# What is required:
Output, exactly as written, the lines below starting at the line containing "agrémenté se modèle." and ending at the line containing "Полученное тесто можно". Drop the pictures and keep both end lines.

# Entries shown:
-=-=-=-=-

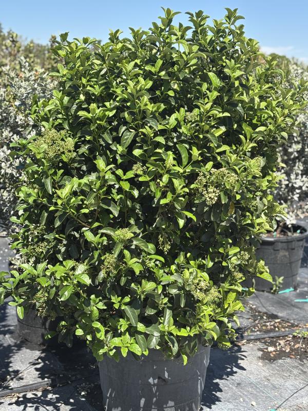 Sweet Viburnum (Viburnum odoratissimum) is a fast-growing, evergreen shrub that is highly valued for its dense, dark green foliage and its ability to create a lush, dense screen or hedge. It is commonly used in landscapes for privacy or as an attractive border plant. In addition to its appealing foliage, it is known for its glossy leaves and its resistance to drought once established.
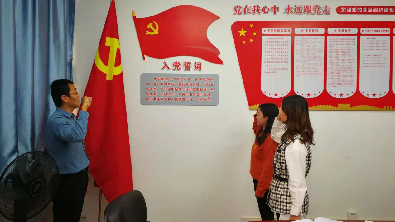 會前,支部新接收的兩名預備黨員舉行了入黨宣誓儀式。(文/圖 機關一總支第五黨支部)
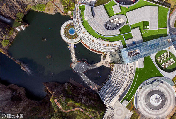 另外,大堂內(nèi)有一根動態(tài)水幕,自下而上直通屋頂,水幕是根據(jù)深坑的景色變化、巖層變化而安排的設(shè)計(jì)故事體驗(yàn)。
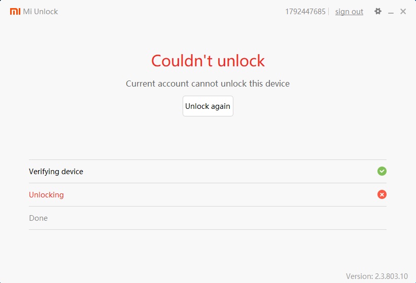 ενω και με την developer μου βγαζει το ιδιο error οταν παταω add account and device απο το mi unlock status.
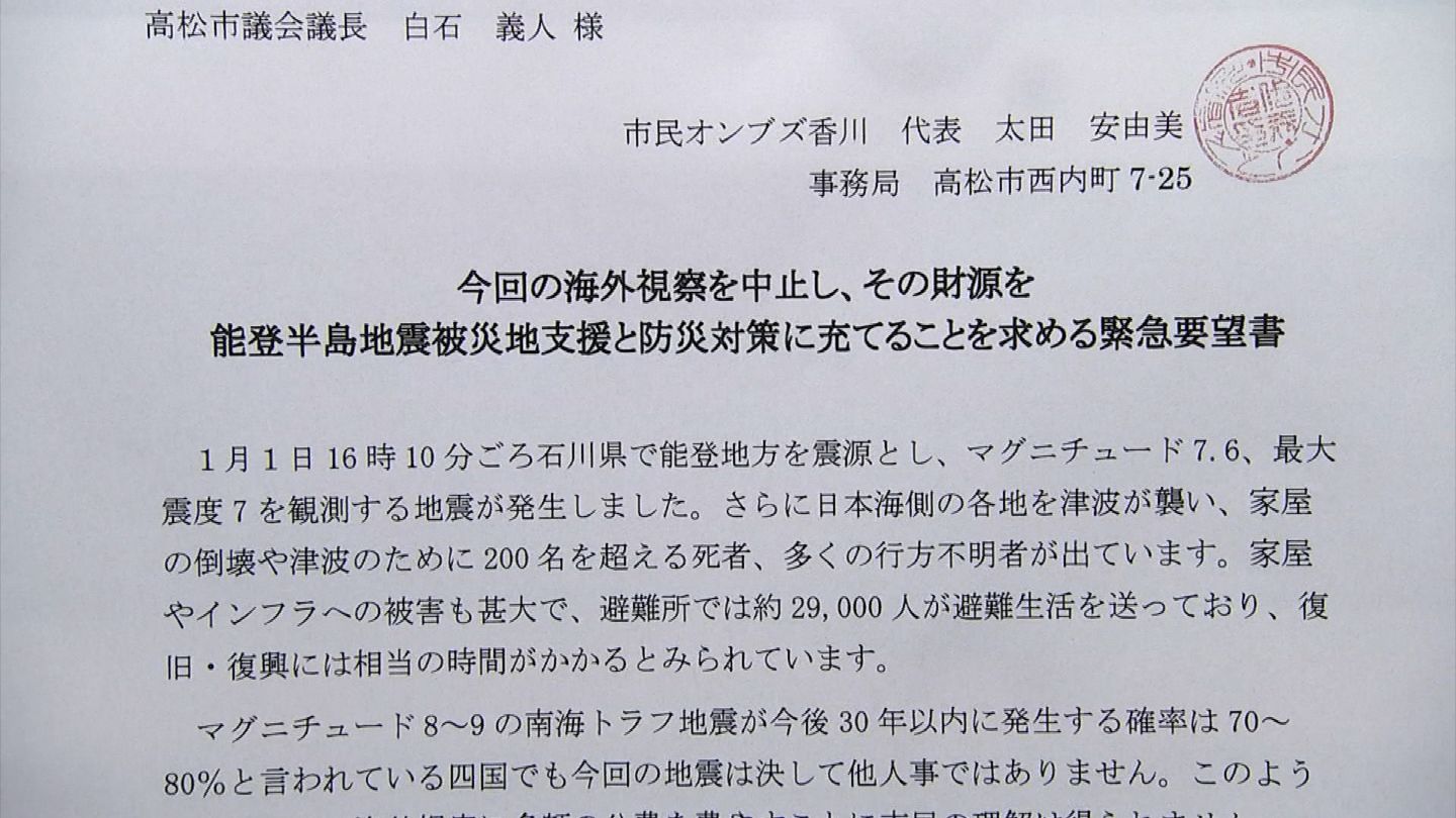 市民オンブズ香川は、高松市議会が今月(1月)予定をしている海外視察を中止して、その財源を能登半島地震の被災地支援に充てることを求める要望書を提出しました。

-=-=-=-=-

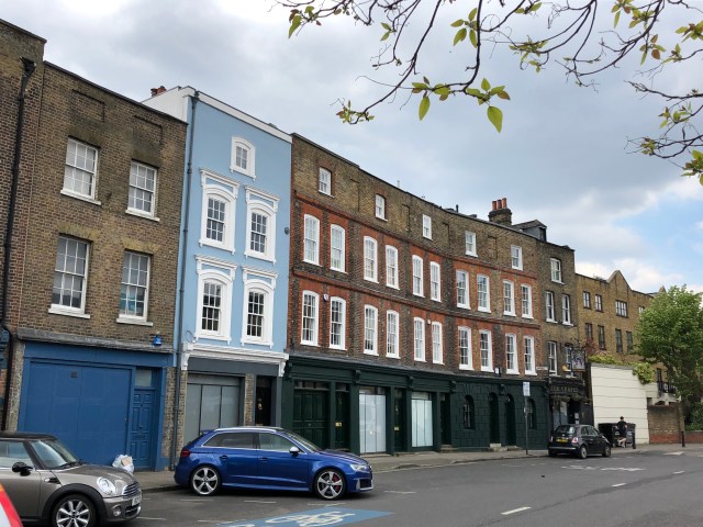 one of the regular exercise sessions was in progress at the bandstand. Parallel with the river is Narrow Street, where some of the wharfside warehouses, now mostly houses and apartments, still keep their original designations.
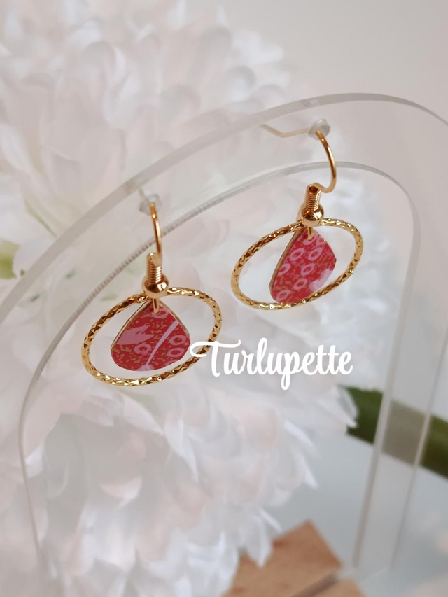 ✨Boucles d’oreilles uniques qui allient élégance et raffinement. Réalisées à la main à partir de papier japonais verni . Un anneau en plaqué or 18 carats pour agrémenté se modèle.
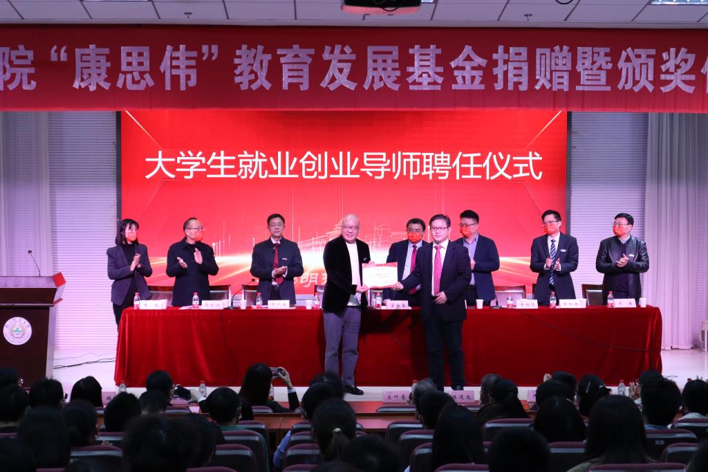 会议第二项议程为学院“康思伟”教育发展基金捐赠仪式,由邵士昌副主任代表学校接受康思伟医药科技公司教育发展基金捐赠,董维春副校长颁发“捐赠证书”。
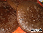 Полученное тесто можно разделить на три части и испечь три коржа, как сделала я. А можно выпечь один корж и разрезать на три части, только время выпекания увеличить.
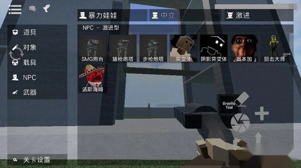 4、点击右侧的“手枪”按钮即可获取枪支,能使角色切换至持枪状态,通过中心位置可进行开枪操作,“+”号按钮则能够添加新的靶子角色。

-=-=-=-=-

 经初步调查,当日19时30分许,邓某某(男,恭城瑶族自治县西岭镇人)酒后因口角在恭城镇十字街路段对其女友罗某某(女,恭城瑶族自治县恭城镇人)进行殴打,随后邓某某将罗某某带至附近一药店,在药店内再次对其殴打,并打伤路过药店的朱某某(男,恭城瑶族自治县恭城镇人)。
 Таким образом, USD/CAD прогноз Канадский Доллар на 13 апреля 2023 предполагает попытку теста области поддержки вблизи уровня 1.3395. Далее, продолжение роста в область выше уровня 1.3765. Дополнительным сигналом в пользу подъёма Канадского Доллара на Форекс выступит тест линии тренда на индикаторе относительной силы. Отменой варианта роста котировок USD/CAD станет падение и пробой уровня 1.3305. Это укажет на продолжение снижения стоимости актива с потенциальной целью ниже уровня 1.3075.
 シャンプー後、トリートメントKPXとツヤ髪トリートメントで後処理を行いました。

-=-=-=-=-

# Response:
 ✨Boucles d’oreilles uniques qui allient élégance et raffinement. Réalisées à la main à partir de papier japonais verni . Un anneau en plaqué or 18 carats pour agrémenté se modèle.
 会议第二项议程为学院“康思伟”教育发展基金捐赠仪式,由邵士昌副主任代表学校接受康思伟医药科技公司教育发展基金捐赠,董维春副校长颁发“捐赠证书”。
 Полученное тесто можно разделить на три части и испечь три коржа, как сделала я. А можно выпечь один корж и разрезать на три части, только время выпекания увеличить.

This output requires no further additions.